Sí a la Vida, No al ALCA

On October 31, 2002 thousands of people from across the Americas converged in Quito, Ecuador. They were not there to celebrate the Dia de Musica Criolla, rather the men and women, young people and elderly, and campesinos representing each country in Latin America, joined in the common goal of demonstrating their opinion to oppose the Free Trade Area of the Americas (FTAA). Delegates from the 34 countries of the Western Hemisphere, excluding Cuba) gathered in Quito to secretly negotiate the free trade agreement, which is modeled on NAFTA and an expansion of the plan to increase privatization and deregulation.

U.S. Trade Representative Robert Zoellick described the U.S. interest in Latin America through CAFTA and the FTAA as part of a bigger picture, “to advance U.S. objectives for the multilateral negotiations currently underway in the World Trade Organization” (8/22/02 letter to Congress). “We have no way to live, and the FTAA will only make it worse. When we complain, the U.S. government calls us terrorists.
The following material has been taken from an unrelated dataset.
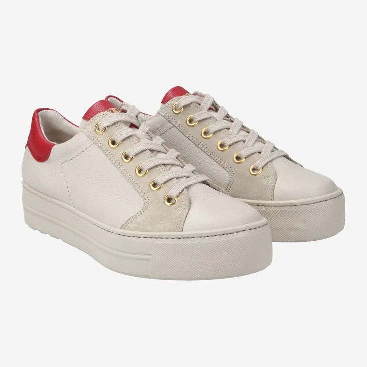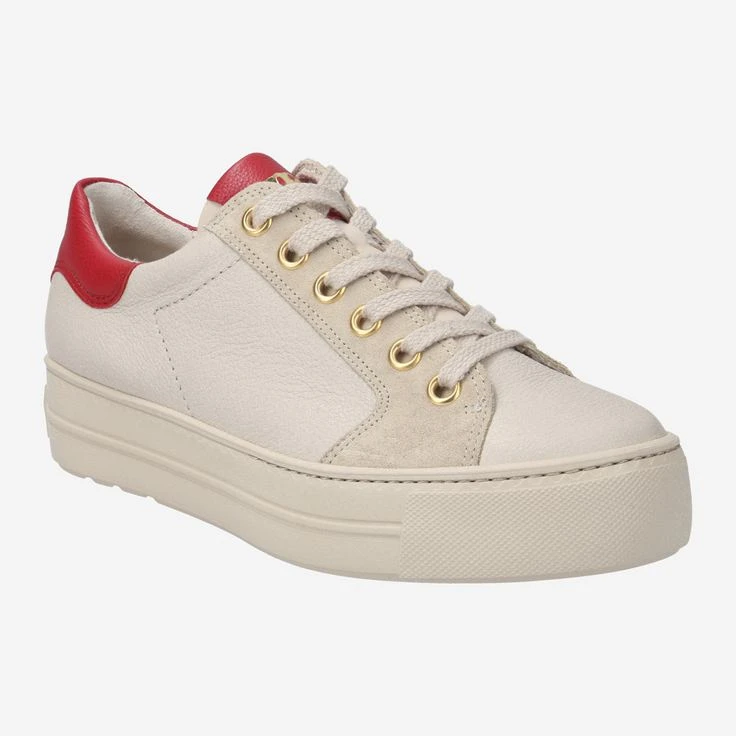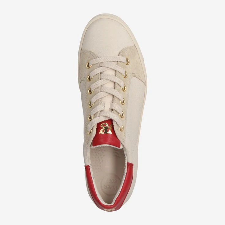 Ein lässiger Hingucker der neuen Saison ist dieser SUPER SOFT Pauls von Paul Green. Aus beigem Glattleder mit rotem Detail an der Hinterkappe überzeugt das Modell mit softem Tragevergnügen. Das anschmiegsame Innenfutter aus Leder mit Frottee bietet wohligen Komfort. Eine flexible Laufsohle rundet den hochwertigen Sneaker ab. Modisch unterwegs – den ganzen Tag lang!

We are not threatening anything, but we are hungry and tired and things have to change,” said Leonidas Iza, the President of the CONAIE (the Ecuadorian indigenous federation).

The blatant U.S. imperialism exercised in the FTAA not only will affect the people in Latin America by creating colonies out of their countries, vulnerable to exploitation by the United States and corporate interests. Many North Americans also are concerned about the impending disaster if the FTAA is approved, which the U.S. hopes to achieve by January 2005.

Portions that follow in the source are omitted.